In his deposition [a Trump associate] admitted that the failure to comply with the stipulations was “an oversight” and something he and Trump “forgot” about.

December 3rd, 2013
How’re we playin’ in Vegas?

West Virginia’s national image is shaped more by [West Virginia University’s] football program than anything else. One of my long-time traditions is to take an annual vacation in Las Vegas. For years, if I wore a West Virginia hat or other garb, I’d be greeted with “You guys are good” … During a recent trip, the comments were a virtually unanimous: “You guys are no good.”

There’s no retort to that. They’re right.

November 25th, 2013
If it wasn’t for bad news, Yeshiva University wouldn’t have no news at all…

… If UD can alter that song a bit… Not that it’s surprising, in a new news sort of way, that Yeshiva’s current president long knew and did nothing about sex abuse allegations at that university’s high school.

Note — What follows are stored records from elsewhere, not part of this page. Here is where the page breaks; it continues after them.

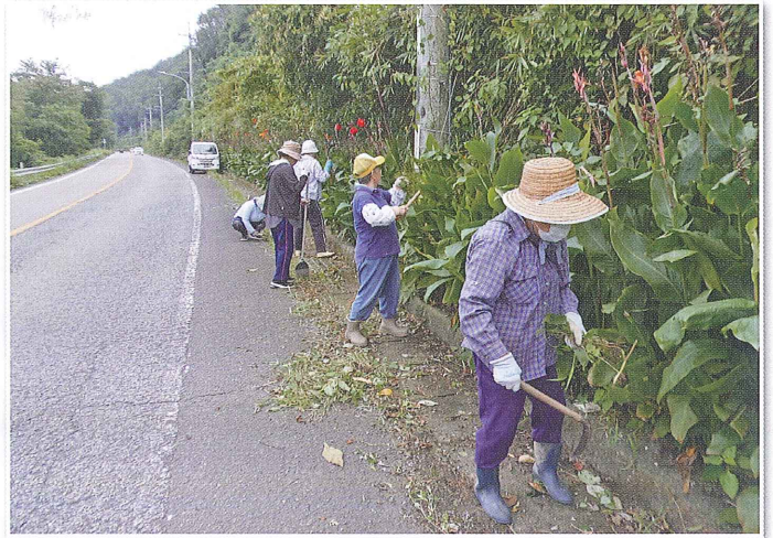
草刈り活動の様子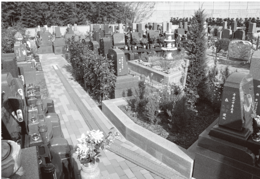
墓地の使用が進む美原東の第二期工事ゾーン

ただ美原東で墓地を購入されたお客様にお断りしなければならぬのは、今回の造成では往來の邪魔になる為、今の事務所は撤去する代わり、入り口付近に二層新事務所を建てますが、それは現在の事務所よりは中が広く外から使用できるトイレは付いてはいますが、まだそれは平屋の小さな管理事務所であつて、早くから建築をお約束していましたが、中に休憩室や法要施設がある本格的な鉄筋コンクリート建ての管理棟は、今回の第二期造成工事が竣工した後の建築申請と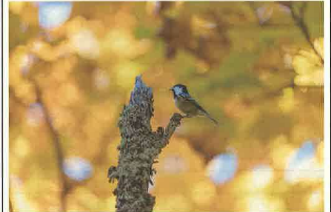
撮影地：猿払村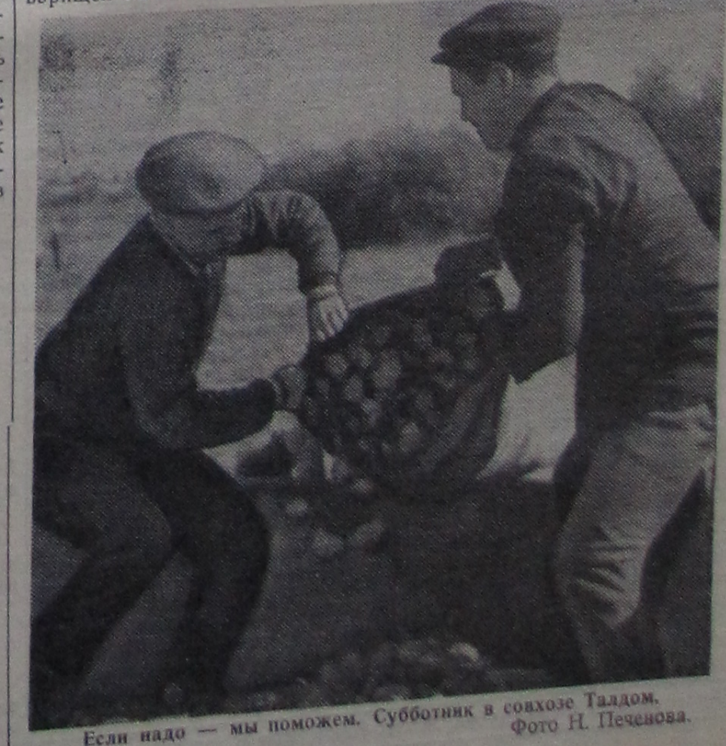
Если надо — мы поможем. Субботник в совхозе Таалдом.

30 октября состоялась отчетно-выборная профсоюзная конференция в Лаборатории высоких энергий. С отчетом о работе местного комитета выступил председатель месткома Г. А. Боков.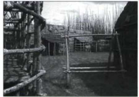
Les maisons longues étaient l'habitation type de ces groupes d'Amérindiens. Généralement, les villages étaient ceinturés d'une palissade qui protégeait des envahisseurs et des intempéries.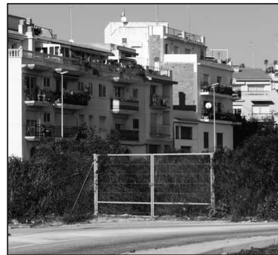
El nou planejament pretén afavorir les iniciatives econòmiques i millorar la mobilitat

El Pla Parcial és una eina que detalla les previsions fetes en el Pla d'Ordenació Urbanística Municipal (POUM) aprovat al 2005.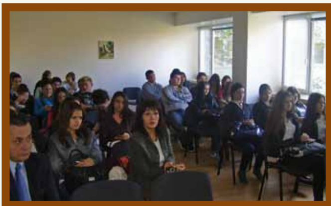
Среща с ученици от Професионална гимназия по икономика „д-р Иван Богоров“ - Варна и студенти от ИУ-Варна

Дните на отворени врати се проведоха и в сградата на РАПИВ, където участниците имаха възможност да се запознаят с условията за инкубиране, материално-техническата база, които БИ-Варна предоставя, както и с добри практики на успешно инкубирани фирми от Високотехнологичен бизнес инкубатор – Варна.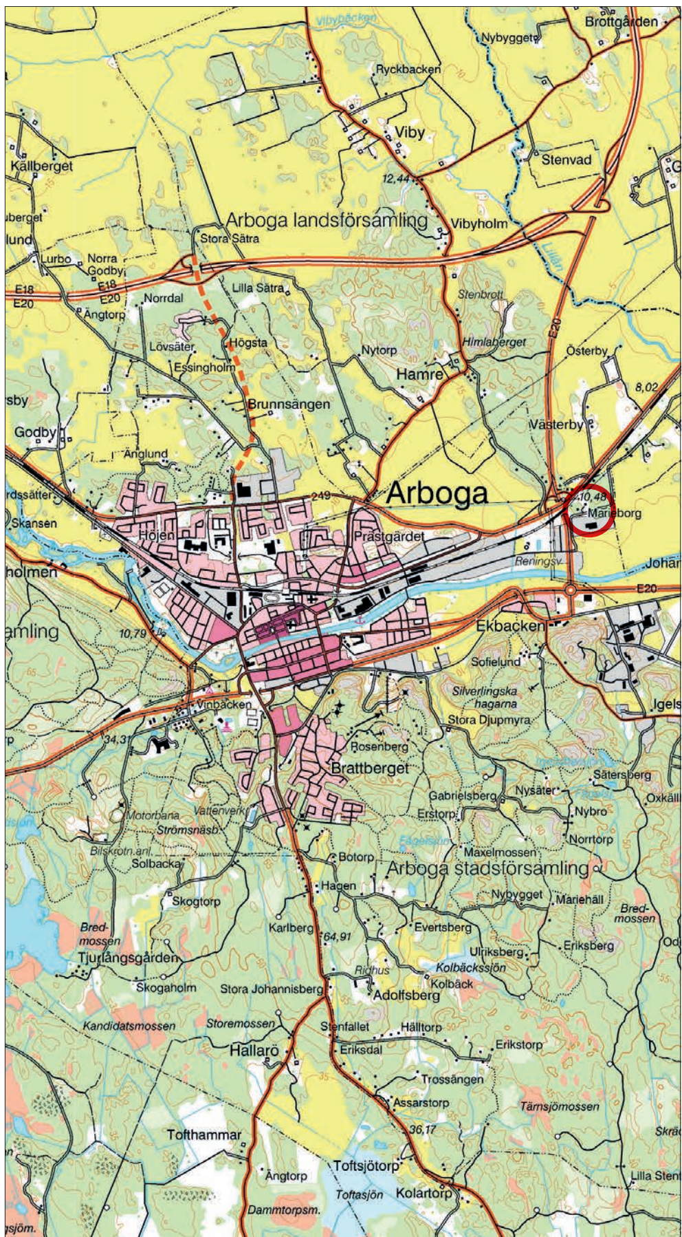
Figur 1. Undersökningsplatsens läge, markerat med en röd cirkel. Observera att av de byggnader som finns markerade inom Marieborgs tomt återstår det idag endast husgrunder. Utdrag ur Gröna kartan. Skala 1:50 000.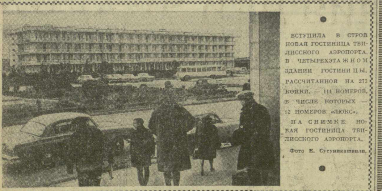
ВСТУПИЛА В СТРОЙ НОВАЯ ГОСТИНИЦА ТБИЛИССКОГО АЭРОПОРТА. В ЧЕТЫРЕХЭТАЖНОМ ЗДАНИИ ГОСТИНИЦЫ, РАССЧИТАННОЙ НА 273 НОМЕРОВ, — 11 НОМЕРОВ, В ЧИСЛЕ КОТОРЫХ — 12 НОМЕРОВ «ЛЮКС». НА СНИМКЕ: НОВАЯ ГОСТИНИЦА ТБИЛИССКОГО АЭРОПОРТА.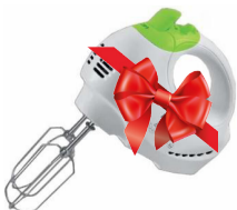
VI орын Миксер Elenberg SW-601

Оқырмандар жүрегіне жол тапқан басылымды одан әрі насихаттау әрі көпшіліктің қызығушылығын тудыру мақсатында оқырмандарға арнап ұтыс ұйымдастырып отырмыз. Ұтыс ойынын «Қазпошта» АҚ-мен бірлесіп отырып, наурыз айының соңында қорытындылайтын боламыз. Оқырмандар ақпан айынан бастап жазылса, газет келесі айдан бастап қолына тиеді.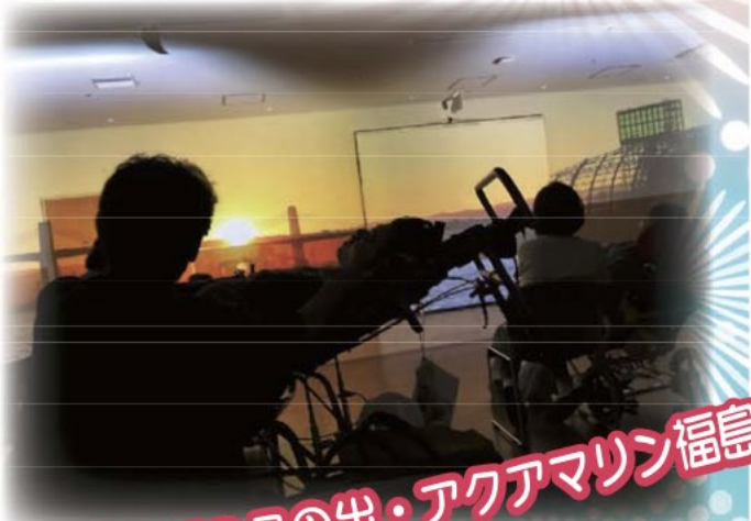
小名浜の日の出・アクアマリン福島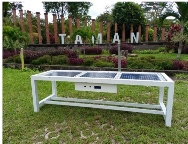
Gambar 3. Diseminasi Alat Produk Smart Bench di Taman Tiga Generasi

laboratorium konstruksi struktur objek bangku. Dosen Bapak Ezra Hartarto Pongtuluran, S.T., M.T berperan dalam merancang layout alat produk bangku serta membuat konstruksi bangku di bengkel. Dengan penggunaan panel surya yang terintegrasi dalam objek bangku, lokasi mitra Taman Tiga Generasi mendapatkan 1 fasilitas publik bangku multifungsi seperti pada Gambar 3 berikut.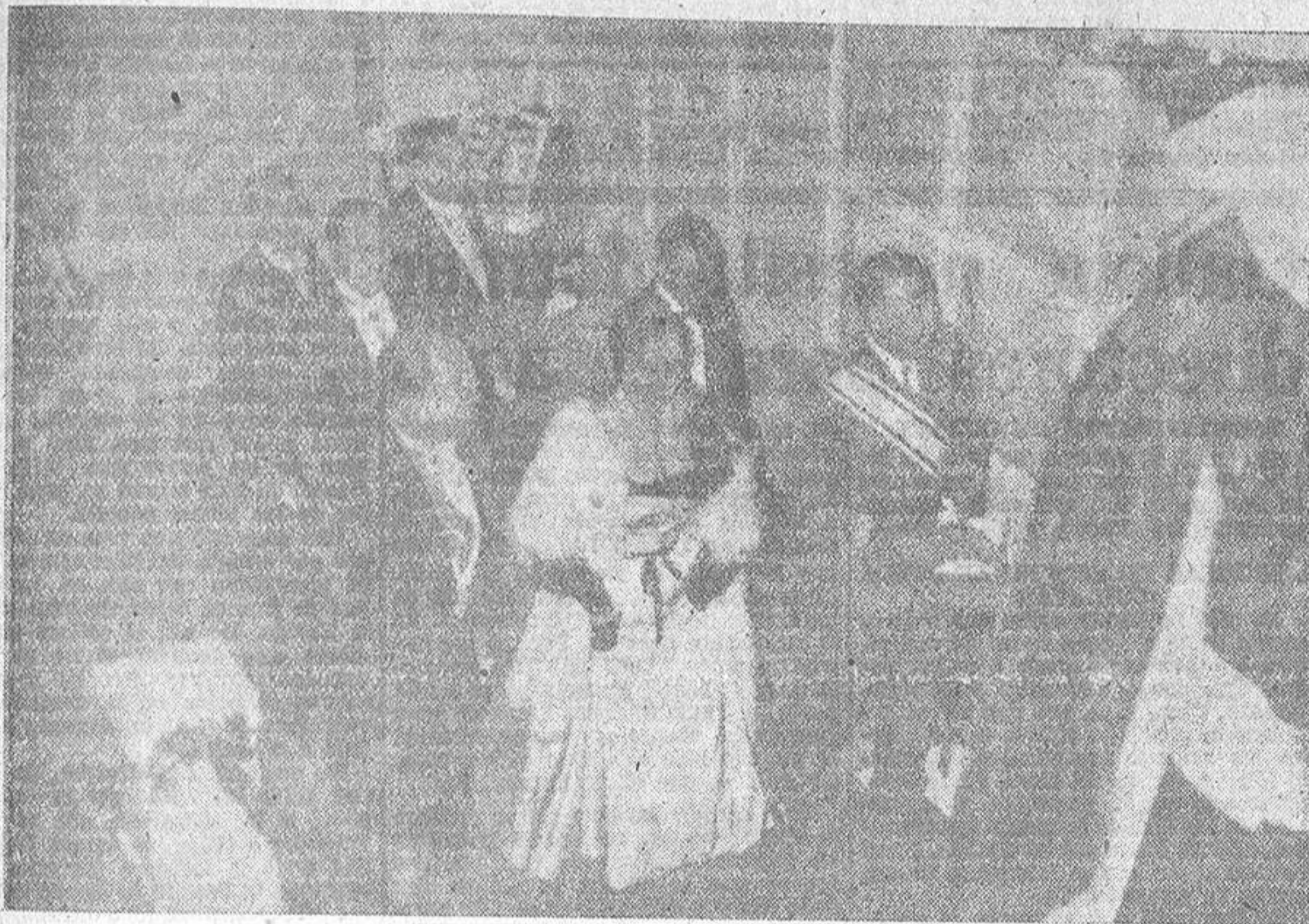
EL PALACIO MUNICIPAL FUE ESCENARIO EL SABADO ULTIMO DE UNA RECEPCION BRILLANTISIMA. CON MOTIVO DE LA CENA DE GALA OFRECIDA EN HONOR DE S. E. EL JEFE DEL ESTADO. EL CAUDILLO Y SU ESPOSA SUBEN POR LA ESCALERA DE HONOR DEL EDIFICIO PRECEDIDOS POR PORTADORES DE CANDELABROS Y MACEROS Y ACOMPAÑADOS POR LA CORPORACION MUNICIPAL

Acompañado de su familia, pasó el día a bordo del "Azor" El público que advirtió la presencia del Jefe del Estado le dispensó una cordial acogida

[I]nternal documents obtained by the [Jewish Daily] Forward indicate that, in fact, [Richard] Joel, who arrived at Y.U. in 2003, was told both before and after he became president about allegations against Rabbi George Finkelstein, the former principal of a Y.U. high school — and that he declined to intervene in the first instance or respond in the second… “I spoke with [a former student making a charge against the school’s principal] a bit,” Joel explained in a 2004 email to a colleague, describing a complaint … made to him years before he took up his post at Y.U. “[I] told him to get on with his life, that I didn’t see a case and that Finkelstein was out of the education business.”

Sensitive, huh?

Well, Yeshiva will also soon be out of the education business.

November 12th, 2013
Once again, Stanley Fish makes sense.

“Narrow” is an adjective the academy should not shun but embrace, for if academic activity cannot be narrowly defined, it loses its shape and becomes indistinguishable from political rallies and partisan exhortation. This of course is what the [Israel] boycotters want. [Extremely broad definitions] do not enhance the academic enterprise or add a heroic gloss to the concept of academic freedom; rather they destroy both by emptying them of any specific content.